Absolutely staggering


----------



## m4rkymark (Aug 17, 2014)

the original cached article is even more astounding than the one which is still online...

http://webcache.googleusercontent.c...com/opinion/13713677.display/&strip=1&vwsrc=0


----------



## RisingPower (Sep 21, 2007)

No surprises there then

https://mobile.twitter.com/LadyCatHT/tweets

"MY brain is some kind of non-absorbent mush and I can't explain why. It's knowledge-repellent."


----------



## Starbuck88 (Nov 12, 2013)

Kerr said:


> Just read this article.
> 
> http://m.heraldscotland.com/opinion/13713677.display/
> 
> ...


Plenty of 'Katie Hopkins' copy cats/wannabes around now and newspapers allow it as it generates traffic.

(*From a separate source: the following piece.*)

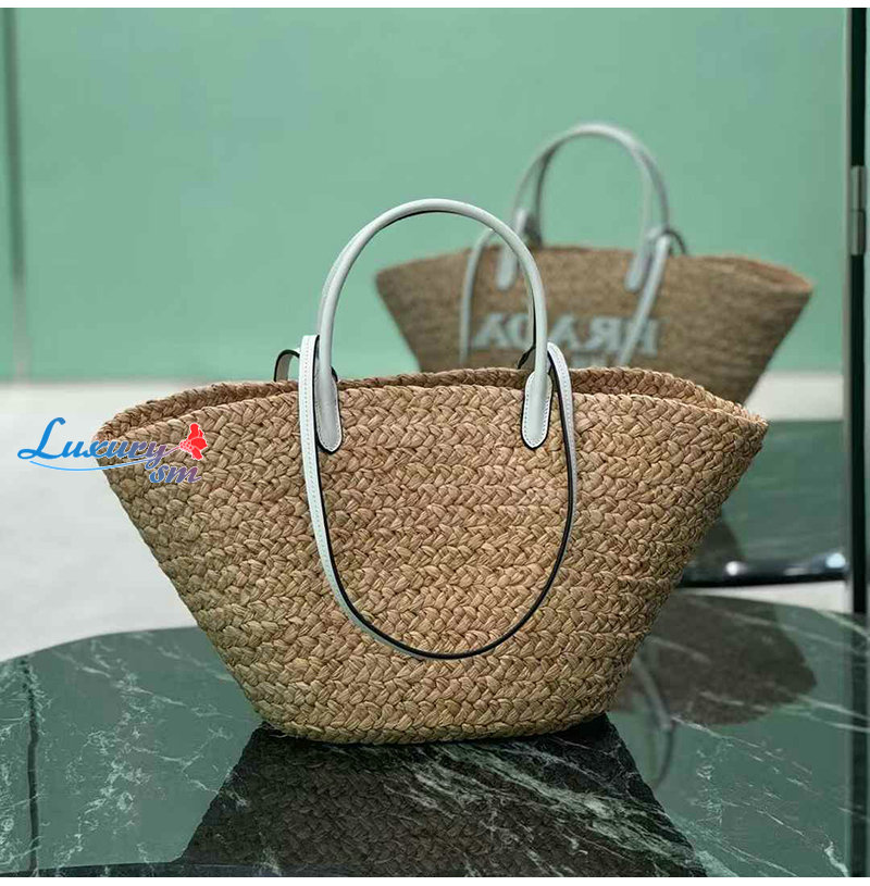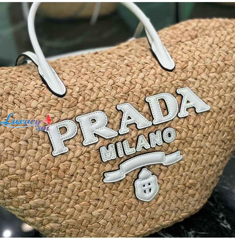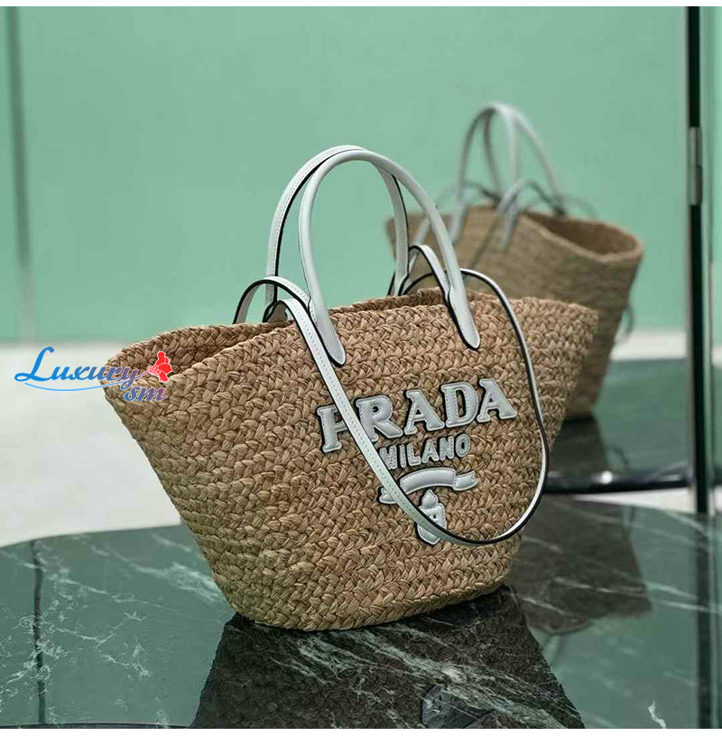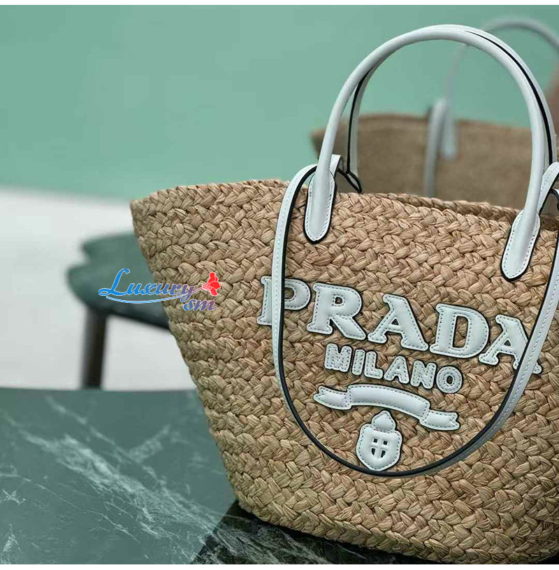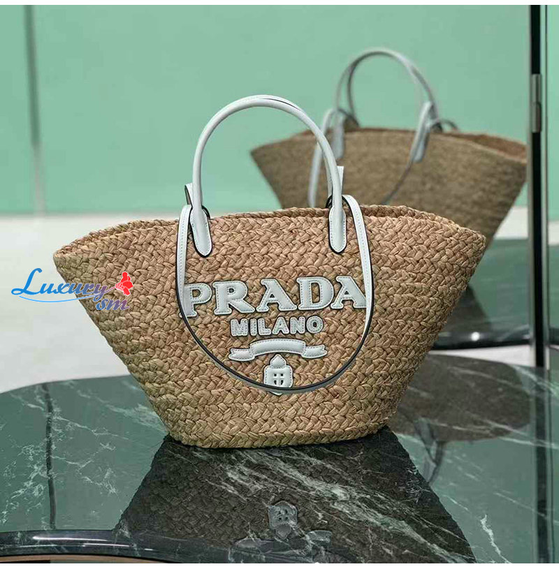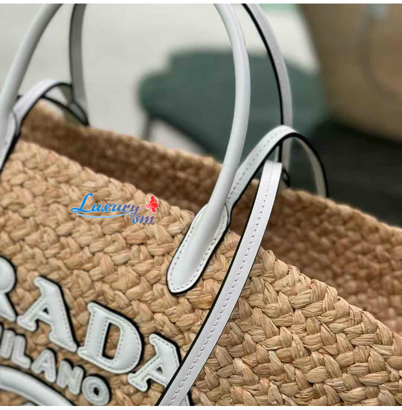 PRADA-1BG470 프라다 베이지/화이트 라지 라피아

I'm sure this woman would quite happily entertain a fellow with an Aston or the likes so she should just shut up.


----------



## RD55 DUN (Dec 30, 2008)

:wall::wall::wall:


----------



## m4rkymark (Aug 17, 2014)

twitter feed of https://twitter.com/KDEWMG is quite amusing  I think shes going to get a lot of flack for those articles...


----------



## transtek (Mar 2, 2007)

The fact that she was allowed to have that published is a disgrace. Her excuse is that if someone can afford an Aston (despite the fact that many Aston owners work many years to afford the car of their dreams), then they are automatically "legitimate" targets for criminal acts and vandalism? So she is saying that you have to put up with - sorry - "deserve" having your car keyed, *just* because you can afford/have saved up for a nice car! 
Using her same sort of criteria and deduction, I would have liked to have seen the response had she said something like: "because you wear a short skirt, then you should expect to be raped" and congratulating the rapist!


----------



## Tricky Red (Mar 3, 2007)

Hufty said:


> Waterboard the scum, let's set up a secret vigilante group track down these losers and make them. We could maybe key them and tattoo along scratch across their forehead ending in word loser. Who's in ?


Just like in Inglorious Basterds.


----------



## Rundie (Oct 2, 2007)

She clearly ain't getting none.....


----------



## Goliath (Jun 14, 2010)

His punishment... £1100 fine and 8 week suspended sentence.
http://www.dailymail.co.uk/news/art...-vandal-caused-8-000-damage-Aston-Martin.html

I think 150 hours community service would have been a much better punishment than a suspended sentence. I must say though, if he had been sent to prison I think that would have been totally out of proportion for the crime, despite how much I hate people who key cars!

When the Aston owner claims on his insurance for the respray, hopefully they will chase this guy for their losses. Even if it means he ends up paying £10/week for the rest of his life.


----------



## Hufty (Apr 27, 2015)

Tricky Red said:


> Just like in Inglorious Basterds.


We can include the reporter in the first batch, but maybe tattoo should read dumb b17(h, unbelievable !


----------



## Hufty (Apr 27, 2015)

Rundie said:


> She clearly ain't getting none.....


And probably won't be in the future with that boat race and IQ.

The next person who gets their car keyed should sue the paper for encouraging criminal damage, it's like singling out the wealthy as a second class element of society, surely that's racism/ discrimination of some sort, not an unbiased view as the media are meant to produce.


----------



## johanr77 (Aug 4, 2011)

m4rkymark said:


> the original cached article is even more astounding than the one which is still online...
> 
> http://webcache.googleusercontent.c...com/opinion/13713677.display/&strip=1&vwsrc=0


Yeah she edited it because of the considerable flak she got for her incorrect stats when it first went up.

Just trolling the ass off the web and people are biting, will probably get a promotion after this.


----------